SUMMARY OF THE INVENTION
[0037] In a first aspect, the invention provides a diagnostic method for detecting ovarian cancer in a subject. More specifically, the method of the invention may comprise the steps of: In a first step (a) determining the expression level of at least one biomarker protein in at least one biological sample of said subject, to obtain an expression value for each of said at least one biomarker protein/s. More specifically, the proteins may be selected from Calcium-activated chloride channel regulator 4 (CLCA4), Oviduct-specific glycoprotein (OVGP1), S100 calcium binding protein A14 (S100A14), Small proline-rich protein 3 (SPRR3), Eosinophil cationic protein (RNASE3), Serpin Family B Member 5 (SERPINB5), Clusterin-associated protein 1 (CLUAP1), Carcinoembryonic antigen-related cell adhesion molecule 5 (CEACAM5) and Ectonucleotide pyrophosphatase/phosphodiesterase family member 3 (ENPP3), or any combination thereof.

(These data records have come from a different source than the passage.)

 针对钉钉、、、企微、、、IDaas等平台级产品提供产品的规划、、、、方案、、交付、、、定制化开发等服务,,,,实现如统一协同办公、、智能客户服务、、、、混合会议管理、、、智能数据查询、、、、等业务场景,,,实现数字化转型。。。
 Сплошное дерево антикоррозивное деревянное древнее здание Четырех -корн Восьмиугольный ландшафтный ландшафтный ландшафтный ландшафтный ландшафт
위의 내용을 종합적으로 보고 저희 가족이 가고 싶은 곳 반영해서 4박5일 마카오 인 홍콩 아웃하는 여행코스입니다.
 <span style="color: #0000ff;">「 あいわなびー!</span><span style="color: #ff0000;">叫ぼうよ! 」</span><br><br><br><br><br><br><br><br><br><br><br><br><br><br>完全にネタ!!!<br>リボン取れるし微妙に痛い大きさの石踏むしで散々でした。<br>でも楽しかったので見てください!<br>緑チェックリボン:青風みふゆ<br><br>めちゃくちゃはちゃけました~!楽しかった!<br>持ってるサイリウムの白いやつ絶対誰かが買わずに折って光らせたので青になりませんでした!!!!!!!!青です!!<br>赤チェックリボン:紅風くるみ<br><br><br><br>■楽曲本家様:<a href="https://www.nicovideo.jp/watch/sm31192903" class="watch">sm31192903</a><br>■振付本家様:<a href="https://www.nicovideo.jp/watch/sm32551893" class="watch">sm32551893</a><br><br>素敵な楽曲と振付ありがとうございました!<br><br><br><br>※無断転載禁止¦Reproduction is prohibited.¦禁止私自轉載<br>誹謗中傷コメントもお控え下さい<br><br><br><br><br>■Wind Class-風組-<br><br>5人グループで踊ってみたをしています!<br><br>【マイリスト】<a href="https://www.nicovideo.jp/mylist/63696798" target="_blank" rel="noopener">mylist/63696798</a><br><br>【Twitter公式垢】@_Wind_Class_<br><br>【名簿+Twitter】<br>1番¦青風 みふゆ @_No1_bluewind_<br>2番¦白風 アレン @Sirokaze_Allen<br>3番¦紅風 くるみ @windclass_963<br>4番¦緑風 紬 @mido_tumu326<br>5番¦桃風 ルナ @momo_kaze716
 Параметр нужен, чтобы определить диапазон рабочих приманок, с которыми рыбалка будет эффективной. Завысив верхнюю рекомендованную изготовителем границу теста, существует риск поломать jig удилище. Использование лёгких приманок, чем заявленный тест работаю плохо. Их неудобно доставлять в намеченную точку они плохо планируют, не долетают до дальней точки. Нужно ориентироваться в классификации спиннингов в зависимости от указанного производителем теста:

In the next step (b), the method of the invention involves determining if the expression value obtained in step (a) for each of the at least one biomarker protein/s is positive or negative with respect to a predetermined standard expression value or alternatively or additionally, to the expression value of said biomarker protein/s in at least one control sample. In some specific embodiments, a result of at least one of (i) a positive expression value of at least one of the SPRR3, SERPINB5, CEACAM5, S100A14, CLCA4 and biomarker protein/s in the tested sample, indicates that the subject belongs to a predetermined population suffering from ovarian cancer; and (ii) a negative expression value of at least one of the OVGP1, CLUAP1, ENPP3 and RNASE3 biomarker protein/s in said sample, indicates that the subject may be diagnosed as a subject that develops or suffers from an ovarian cancer.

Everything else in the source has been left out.